The Web Scraping Club

Share this post

Hands On #1: Testing the Bright Data Web Unblocker proxy

substack.thewebscraping.club

Hands On #1: Testing the Bright Data Web Unblocker proxy

Is Bright Data Web Unblocker capable to defeat Datadome and other anti-bot solutions?

Pierluigi Vinciguerra
Mar 9
2
1
Share this post

Hands On #1: Testing the Bright Data Web Unblocker proxy

substack.thewebscraping.club

Hi everyone, this is a new series of posts from The Web Scraping Club, where I will try out products related to web scraping and make a sort of review about it. I hope this helps you to evaluate products before spending some money and time on testing them. Feel free to write me at pier@thewebscraping.club with any feedback and if you want me to test other products or solutions.
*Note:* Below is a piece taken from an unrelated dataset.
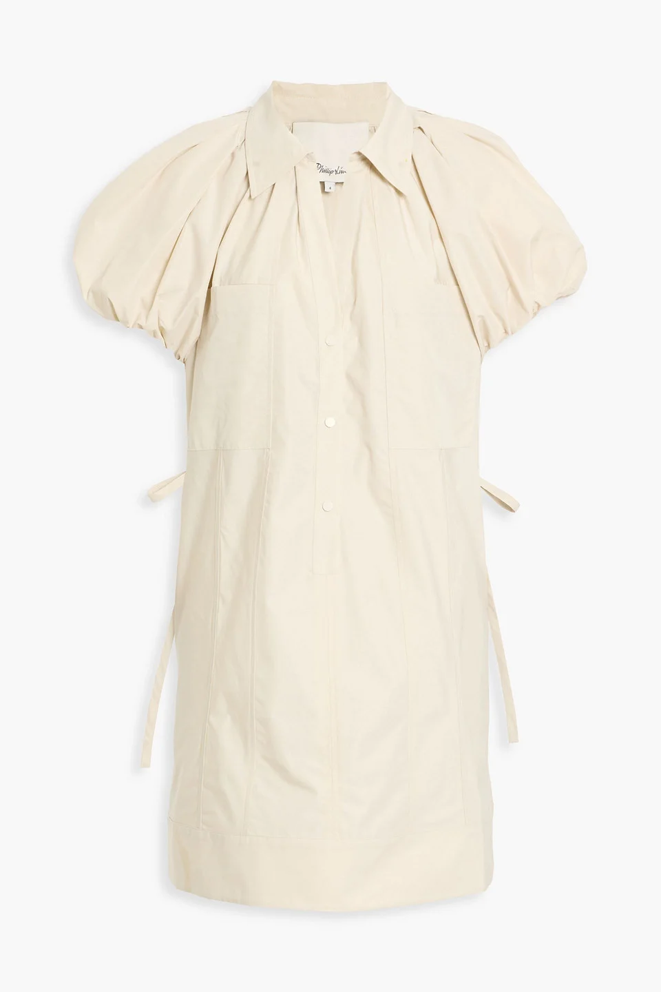 Shirt dress cotton-blend poplin waist ties puffed sleeves breast pockets side slit pockets side slit hemline snap fastenings along front mid-weight, non-stretchy fabric dry clean imported 70% Cotton 30% Polyester Product Code 46376663163058922

These Hands On episodes are not sponsored and the ideas expressed are my own, backed by quantitative tests, which change from the kind of product I’m testing. There might be some affiliate links in the article, which helps The Web Scraping Club be free and able to test even paid solutions.


The Web Scraping Club is a free weekly newsletter about web scraping. Once every two weeks, I publish The Lab, paid content with deep dives on more technical aspects and solutions to common issues, with also code on a GitHub repository. You can access the following articles using a 7 days trial and then subscribe if you find them useful.


In this first issue, we’ll test the Bright Data Web Unblocker proxy, an API that promises us we can scrape even the most difficult and protected websites.

What is Bright Data Web Unblocker

Digging a bit more into Bright Data’s website we can understand better how this works. Directly from the product page:

Limits requests per IP

Manage IP usage rates so you don’t ask for a suspicious amount of data from any one IP

Emulates a real user

Automated user emulation including: starting on the target’s homepage, clicking their links, & making human mouse movements

Imitates the right devices

Web Unlocker emulates the right devices that servers expect to see

Calibrates referrer header

Makes sure the target website sees that you are landing on their page from a popular website

Identifies honeypots

Honeypots are links that sites use to expose your crawlers. Automatically detect them and avoid their trap

Sets intervals between requests

Automated delays are randomly set between requests

All these features can be summed up with the following picture.

Bright data Unblocker
Bright Data Web Unblocker page

It seems a good solution and easy to integrate into our scrapers since it’s basically like adding a proxy to them.

Our testing methodology

To test this kind of product I’ve developed a plain Scrapy spider that retrieves 10 pages from 5 different websites, one per each anti-bot solution tested (Datadome, Cloudflare, Kasada, F5, PerimeterX). It returns the HTTP status code, a string from the page (needed to check if the page was loaded correctly), the website, and the anti-bot names.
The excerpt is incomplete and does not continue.